Are you saying Wait is triggered if the internal count is EVER zero? Such as the first lambda completing before the second time the main thread runs through the for loop?

 

If it triggers only if the count is currently zero, there shouldn't be a race becuase at the Wait the main thread has already added 1 for every element to be processed.

 

Yes... once zero, the event is set, such that anyone waiting on it will wake up.  And unless you call Reset on the event, once zero, attempting to increase the count will result in an exception.  This design actually helps to minimize races between threads changing the count (up or down) and threads waiting on the event.

Ah, "Once zero it cannot be incremented" - that's what was missing. Then it's all cool and dandy Smiley

I guess that the counter is NULL originally (if not set to any positive integer).

The whole "Don't forget to add one" is simply a hack.  Threaded programming is hard, and this tool keeps it that way, it's just not up to the task.

 

It would be much better if this primitive was not added at all than released in this form.

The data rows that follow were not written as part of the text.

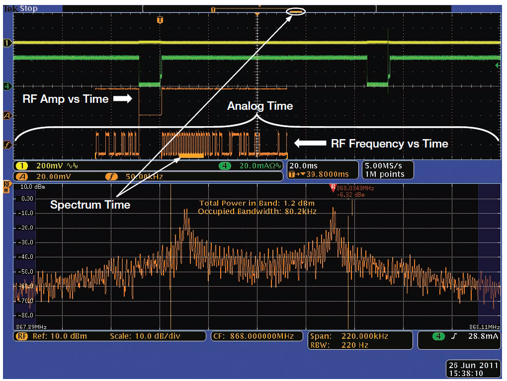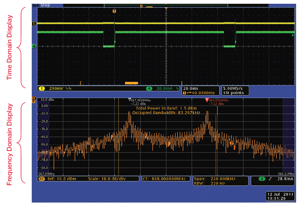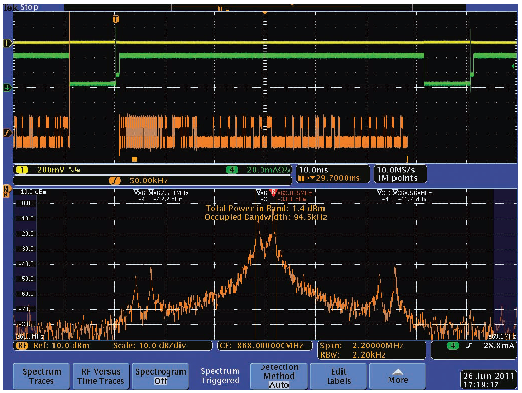 我們測量以868 MHz為中心的無線電頻譜,其擁有相當?shù)偷? kbps的FSK調制數(shù)據(jù)速率,以供參考。圖2顯示了參考頻譜。注意MDO同時顯示時域視圖和頻域視圖,所有信號都時間相關。[page]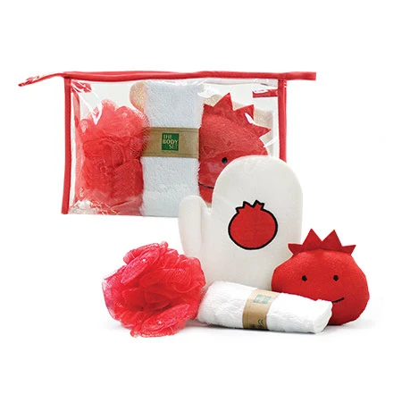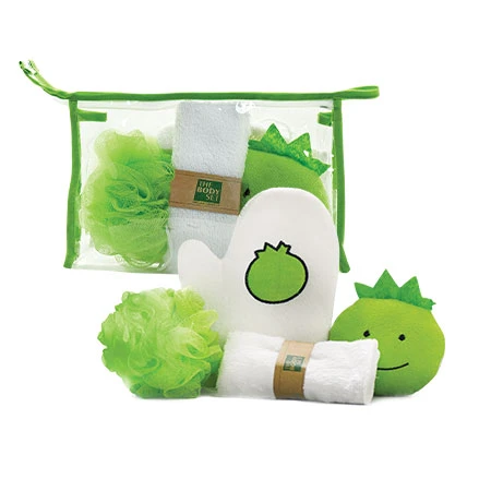 A lovely bath kit containing: 1- glove-shaped scrubber 2- mesh bath sponge 3- soft towel 4- round sponge.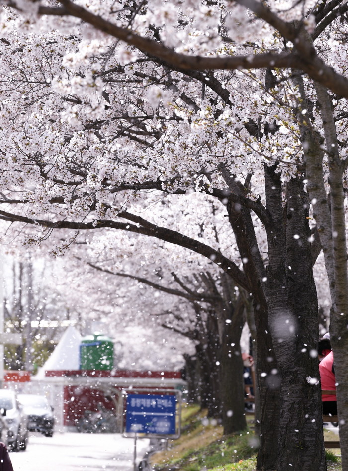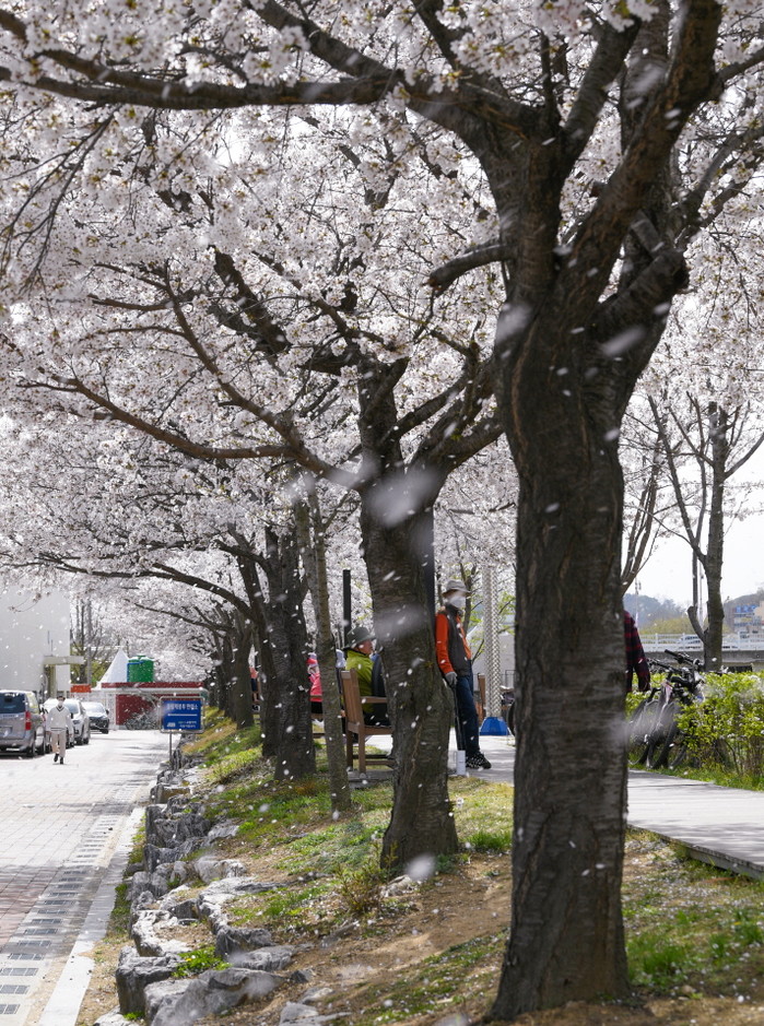 [오산시=세계타임즈 이영진 기자] 완연한 봄 날씨를 보이는 2일 오산천에 흐드러지게 핀 벚꽃이 만개했다.

Yeah, that's a hack and is a bad one too. Why not to make "done adding" semantics explicit at least?

Then instead of add one before, remove one after there will be explicit call to ce.NoMoreCounterIncrements()

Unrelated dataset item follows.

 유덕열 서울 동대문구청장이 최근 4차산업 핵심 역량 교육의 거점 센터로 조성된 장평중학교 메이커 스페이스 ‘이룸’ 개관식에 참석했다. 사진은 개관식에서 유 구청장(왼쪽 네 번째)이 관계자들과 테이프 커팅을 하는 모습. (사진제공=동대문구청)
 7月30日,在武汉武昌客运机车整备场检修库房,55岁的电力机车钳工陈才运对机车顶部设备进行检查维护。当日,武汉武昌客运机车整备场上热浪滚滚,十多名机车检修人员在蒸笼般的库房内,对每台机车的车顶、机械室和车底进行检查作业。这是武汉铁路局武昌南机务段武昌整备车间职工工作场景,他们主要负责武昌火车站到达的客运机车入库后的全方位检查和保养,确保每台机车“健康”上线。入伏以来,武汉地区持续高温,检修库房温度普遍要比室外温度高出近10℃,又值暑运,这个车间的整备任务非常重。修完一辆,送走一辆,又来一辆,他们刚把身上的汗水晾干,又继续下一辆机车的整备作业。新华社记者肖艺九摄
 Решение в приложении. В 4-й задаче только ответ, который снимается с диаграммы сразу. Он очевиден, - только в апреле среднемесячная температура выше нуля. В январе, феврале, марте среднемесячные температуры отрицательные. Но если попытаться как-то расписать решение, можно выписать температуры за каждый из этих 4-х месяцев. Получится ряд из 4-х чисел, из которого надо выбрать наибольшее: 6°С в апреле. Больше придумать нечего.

It doesn't guarantee that programmer won't forget to add it into the code, but that's one change to one code line as opposed to two (and it's a better "pattern" than the alternative).

 

Plus, if this primitive constructor accepted nested lambdas, then AddCounter() and NoMoreCounterIncrements() could be hidden from the programmer all together. Just declare what you want to spawn and how many of those in a nested lambda and happily wait for completion.

Agreed with sokhaty.  As it stands, how exactly is this different from a counting semaphore?